Geological mapping and diamond exploration in northern Quebec and Labrador has revealed an undeformed ultramafic dyke swarm in the northern Torngat Mountains. The dyke rocks are dominated by an olivine-phlogopite mineralogy and contain varying amounts of primary carbonate. Their mineralogy, mineral compositional trends and the presence of typomorphic minerals (e.g. kimzeyitic garnet), indicate that these dykes comprise an ultramafic lamprophyre suite grading into carbonatite. Recognized rock varieties are aillikite, mela-aillikite and subordinate carbonatite. Carbonatite and aillikite have in common high carbonate content and a lack of clinopyroxene. In contrast, mela-aillikites are richer in mafic silicate minerals, in particular clinopyroxene and amphibole, and contain only small amounts of primary carbonate. The modal mineralogy and textures of the dyke varieties are gradational, indicating that they represent end-members in a compositional continuum.

The Torngat ultramafic lamprophyres are characterized by high but variable MgO (10–25 wt.%), CaO (5–20 wt.%), TiO2 (3–10 wt.%) and K2O (1–4 wt.%), but low SiO2 (22–37 wt.%) and Al2O3 (2–6 wt.%). Higher SiO2, Al2O3, Na2O and lower CO2 content distinguish the mela-aillikites from the aillikites. Whereas the bulk rock major and trace element concentrations of the aillikites and mela-aillikites overlap, there is no fractional crystallization relation between them. The major and trace element characteristics imply related parental magmas, with minor olivine and Cr-spinel fractionation accounting for intra-group variation.

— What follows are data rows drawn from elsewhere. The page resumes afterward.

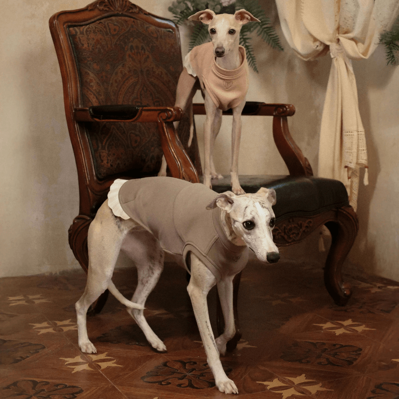 Made from thick double-sided pique fabric, this sleeveless sweatshirt offers both warmth and freedom of movement — perfect for Italian Greyhounds and Whippets.
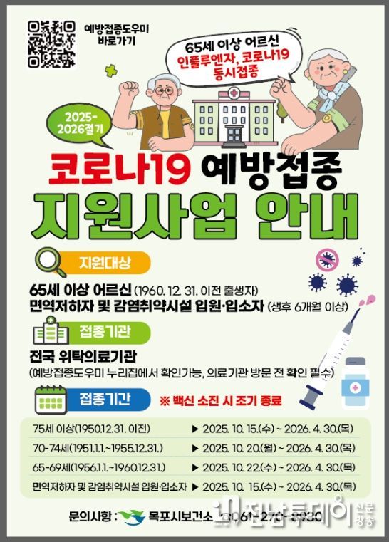 접종 대상은 ▲65세 이상 어르신 ▲생후 6개월 이상 면역저하자 ▲감염취약시설 입원·입소자이며, 목포시 위탁 의료기관 71개소에서 모더나와 화이자 등 LP.8.1 백신을 무료로 접종받을 수 있다.
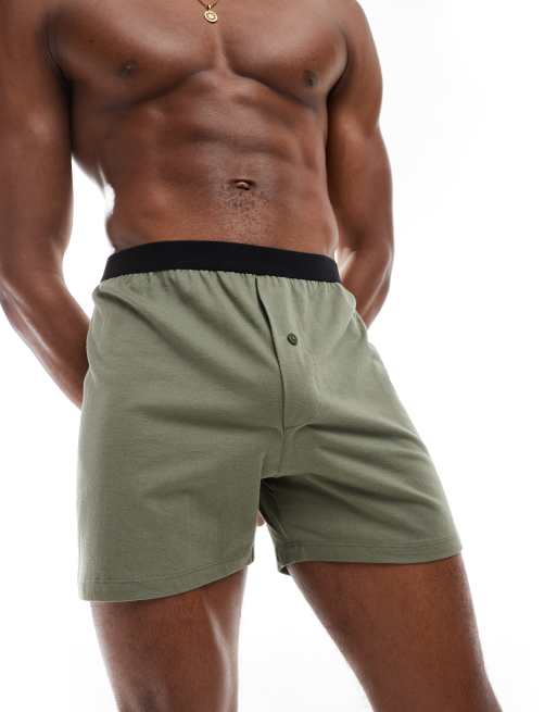 Calzoncillos bóxer caquis con cinturilla en contraste de ASOS DESIGN
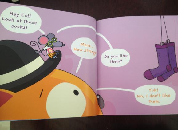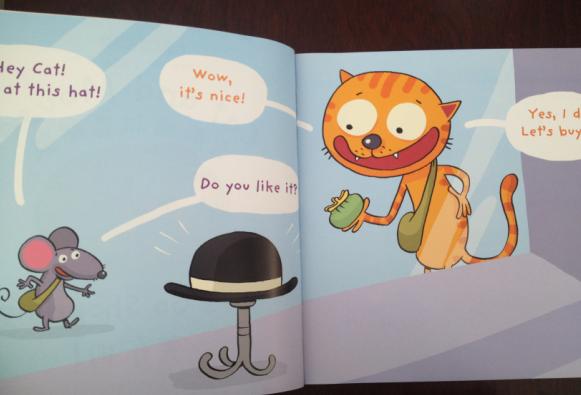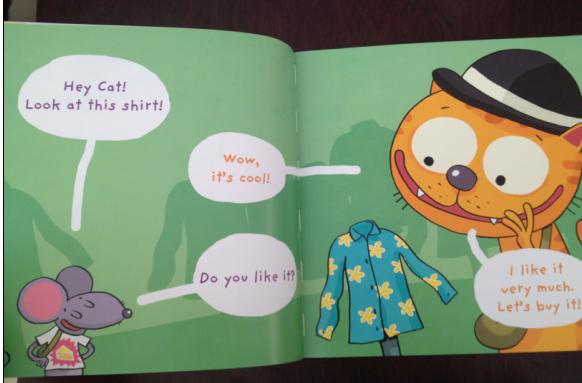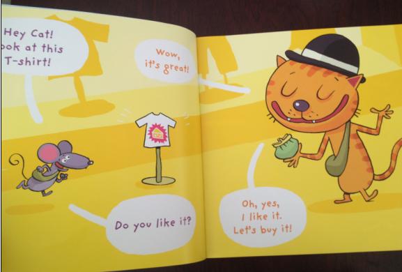 全文的对话都是类似于第一页: ----Hey Cat! Look at this hat! ----Wow, it’s nice! ----Do you like it? ----Yes, I do. Let’s buy it!
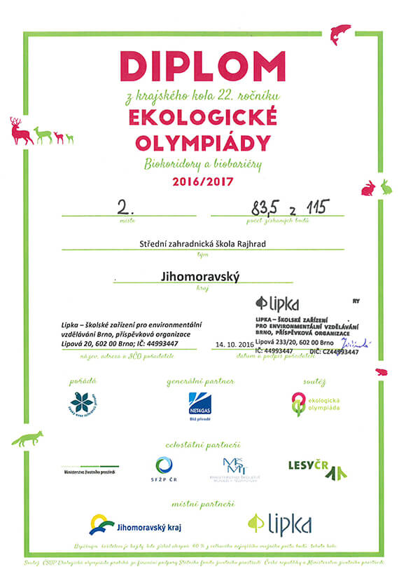 2. místo v jihomoravském krajském kole ekologické olympiády.
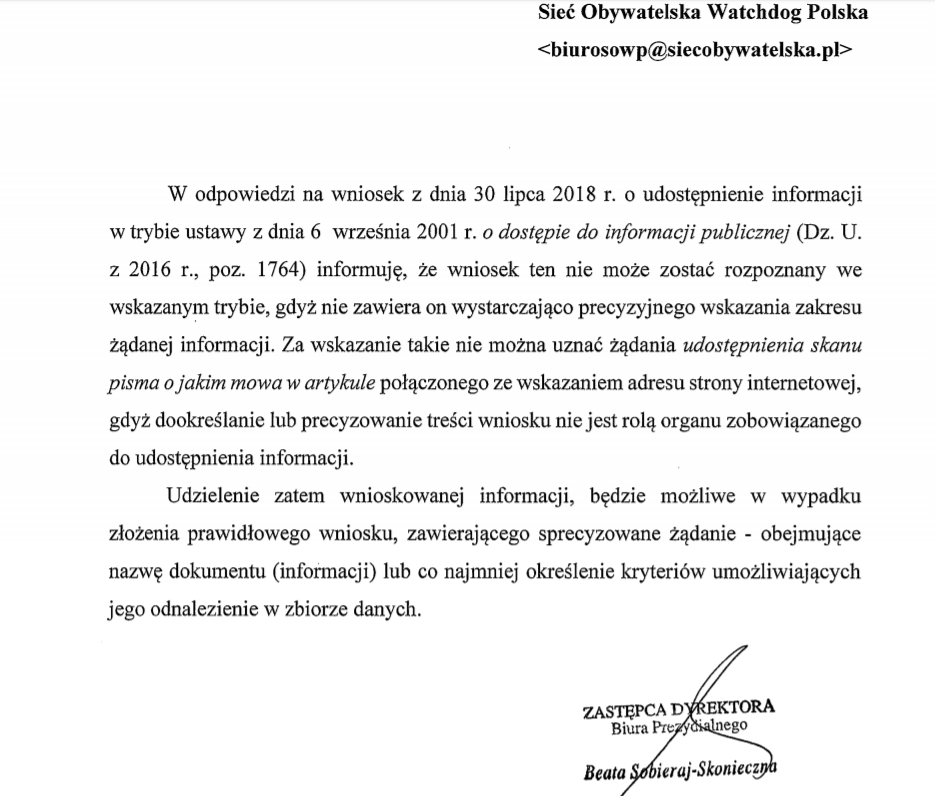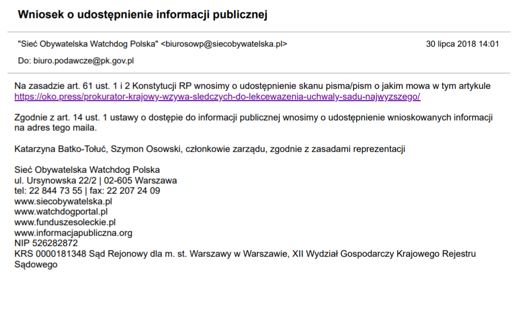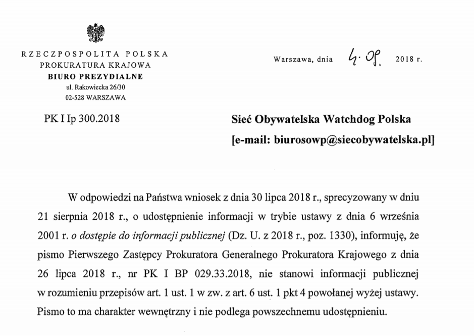 Wnioskiem z 30 lipca 2018 r. zwróciliśmy się do Prokuratury Krajowej o udostępnienie pisma, które zawierało wspomniane polecenie służbowe, ale w odpowiedzi Prokuratura wskazała, że nie może go rozpatrzeć, bo nie określiliśmy precyzyjnie dokumentu, o który nam chodzi. Po doprecyzowaniu, że nasz wniosek dotyczył pisma PK I BP 029.33.2018 Prokuratora Krajowa, odpowiadając ostatecznie na nasz wniosek 4 września 2018 r. wskazała, że wnioskowany dokument ma charakter wewnętrzny i nie podlega powszechnemu udostępnieniu.
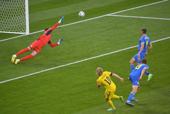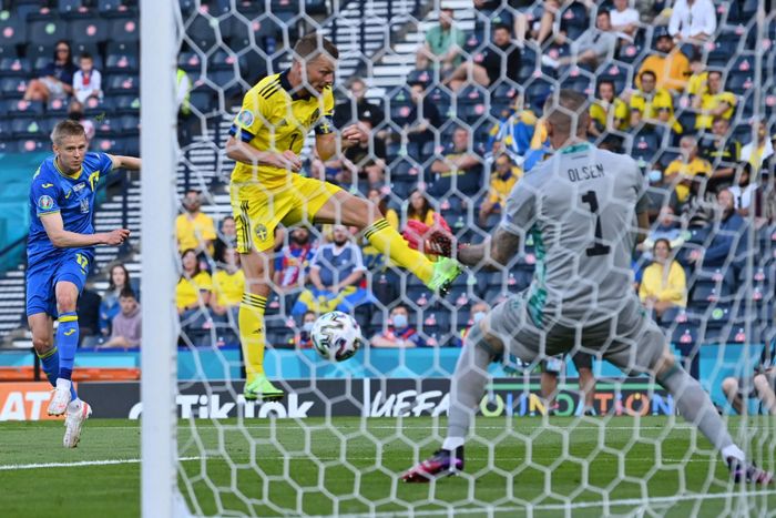 Nei, nei, nei, Sverige! De slipper altså inn på overtid i den andre ekstraomgangen. Innlegget fra venstre er strøkent, og der har Dovbyk sneket seg inn mellom de to stopperne.
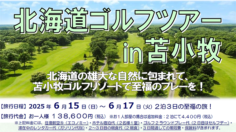 ※往復航空券(エコノミー)・2日間のゴルフプレー代・宿泊代(2食付)・滞在中のレンタカー代・2日間通しての帯同費・保険料を含む
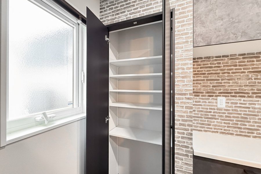カップボード横にはパントリー収納があります。

The Torngat ultramafic lamprophyres have a Neoproterozoic age and are spatially and compositionally closely related with the Neoproterozoic ultramafic lamprophyres from central West Greenland. Ultramafic potassic-to-carbonatitic magmatism occurred in both eastern Laurentia and western Baltica during the Late Neoproterozoic. It can be inferred from the emplacement ages of the alkaline complexes and timing of Late Proterozoic processes in the North Atlantic region that this volatile-rich, deep-seated igneous activity was a distal effect of the breakup of Rodinia. This occurred during and/or after the rift-to-drift transition that led to the opening of the Iapetus Ocean.  相似文献   


8.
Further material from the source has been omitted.